> **ASSIGNMENT**
Give back the lines below verbatim, omitting all pictures.

MATERIAL PROVIDED Block Start

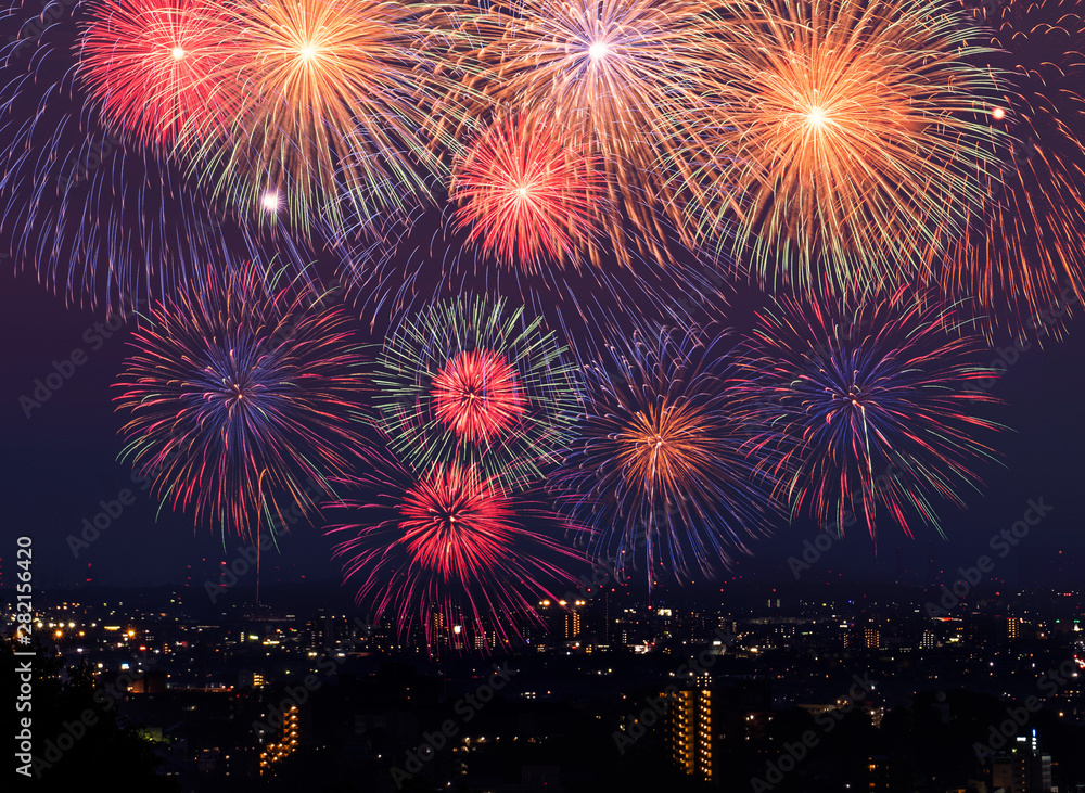 夜の町並みに打ち上がる花火のイメージ
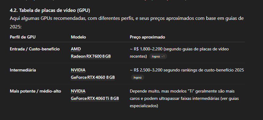 Também há GPUs de nível mais alto (por exemplo, RTX 5070, RX 9070 XT) citadas em guias recentes. Syxt Tech+2Adrenaline+2
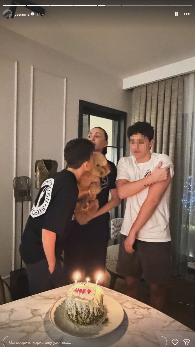 Na jednoj od slika, drži svog psa u naručju, dok su sinovi pored nje, a ispred njih torta sa upaljenim svećicama.
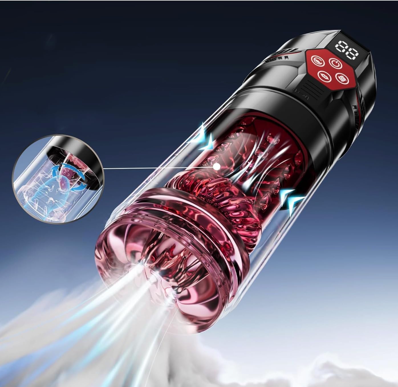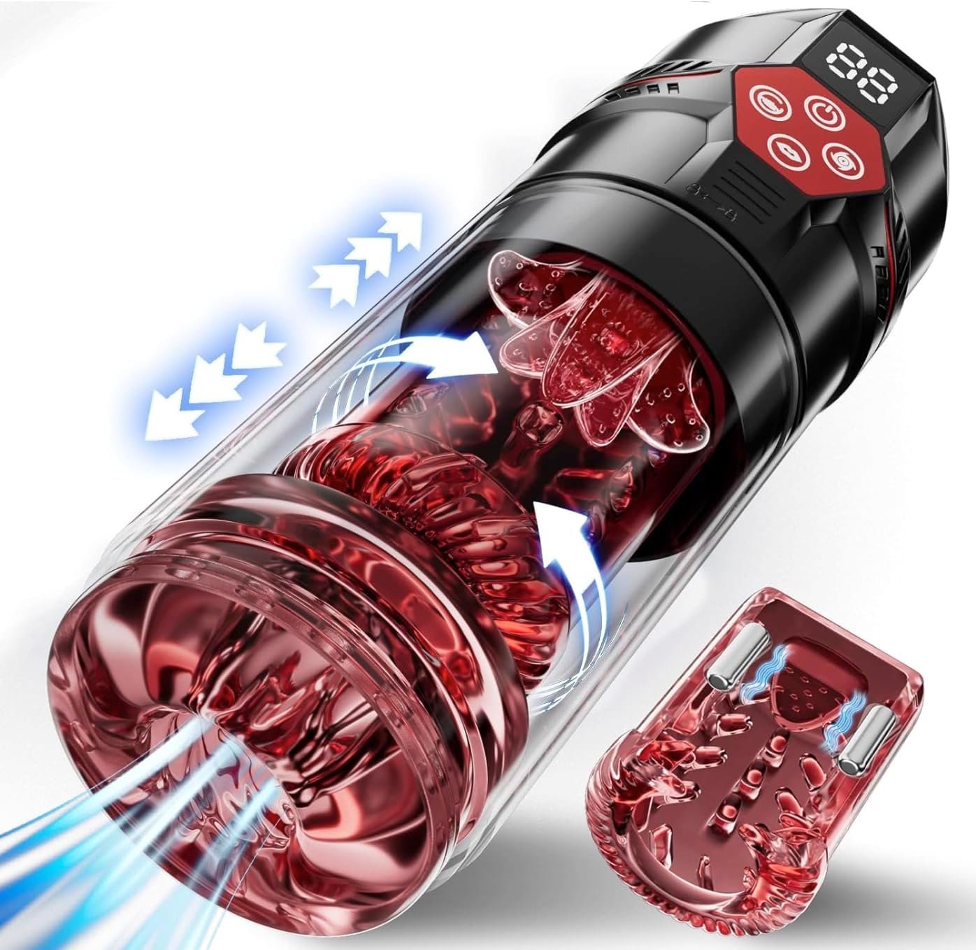 Male Masturbator Penis Pump - Men's Sex Toys with Upgrade 12 S Vacuum Pump & 7 Thrusting Rotating Vibrating Sucking Licking LCD OD64198
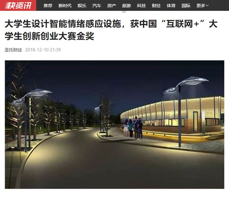 来自该校环境设计学院环境设计专业的5名学生对大学生心理健康问题尤为关注,在老师周婧的指导下,他们以设计《智能情绪感应设施》报名参赛,“参加比赛并不是为了去得奖,而是想去更大的平台,让更多的人了解这个创意,让大家更多地去关注大学生这个特殊人群的需求。”团队成员刘佳颖说道参赛初衷。
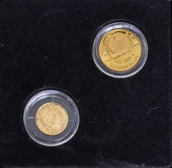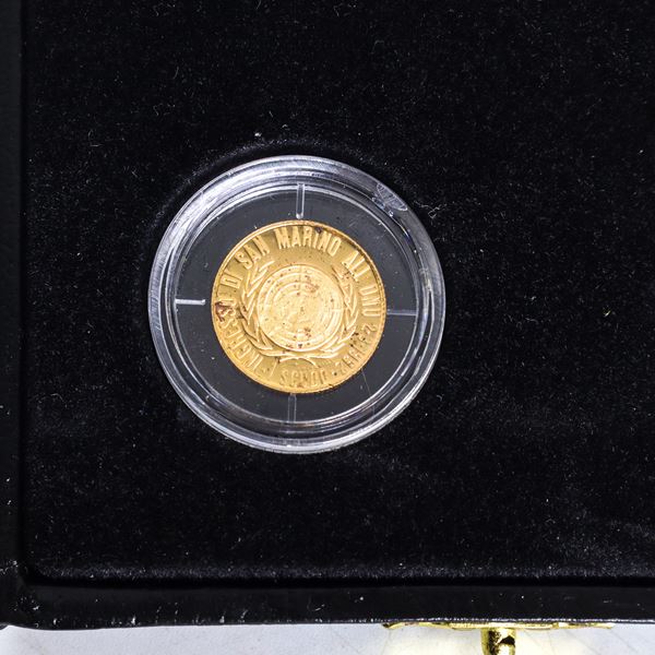 COIN BACK: UN coat of arms surrounded by the legend ENTRY OF SAN MARINO INTO THE UN 1992 the respective values of the coins JORIO VIVARELLI (AUTHOR OF THE SKETCHES)COIN EDGE: Knurling
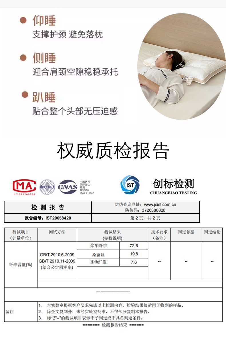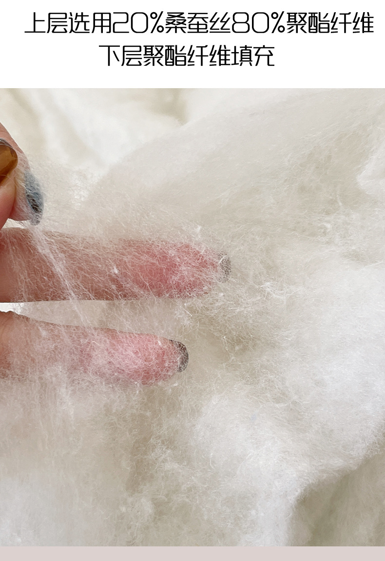 上层填充物:(面部夹20%桑蚕丝+80%聚酯纤维)

MATERIAL PROVIDED Block End

> **SOLUTION**
 夜の町並みに打ち上がる花火のイメージ
 Também há GPUs de nível mais alto (por exemplo, RTX 5070, RX 9070 XT) citadas em guias recentes. Syxt Tech+2Adrenaline+2
 Na jednoj od slika, drži svog psa u naručju, dok su sinovi pored nje, a ispred njih torta sa upaljenim svećicama.
 Male Masturbator Penis Pump - Men's Sex Toys with Upgrade 12 S Vacuum Pump & 7 Thrusting Rotating Vibrating Sucking Licking LCD OD64198
 来自该校环境设计学院环境设计专业的5名学生对大学生心理健康问题尤为关注,在老师周婧的指导下,他们以设计《智能情绪感应设施》报名参赛,“参加比赛并不是为了去得奖,而是想去更大的平台,让更多的人了解这个创意,让大家更多地去关注大学生这个特殊人群的需求。”团队成员刘佳颖说道参赛初衷。
 COIN BACK: UN coat of arms surrounded by the legend ENTRY OF SAN MARINO INTO THE UN 1992 the respective values of the coins JORIO VIVARELLI (AUTHOR OF THE SKETCHES)COIN EDGE: Knurling
 上层填充物:(面部夹20%桑蚕丝+80%聚酯纤维)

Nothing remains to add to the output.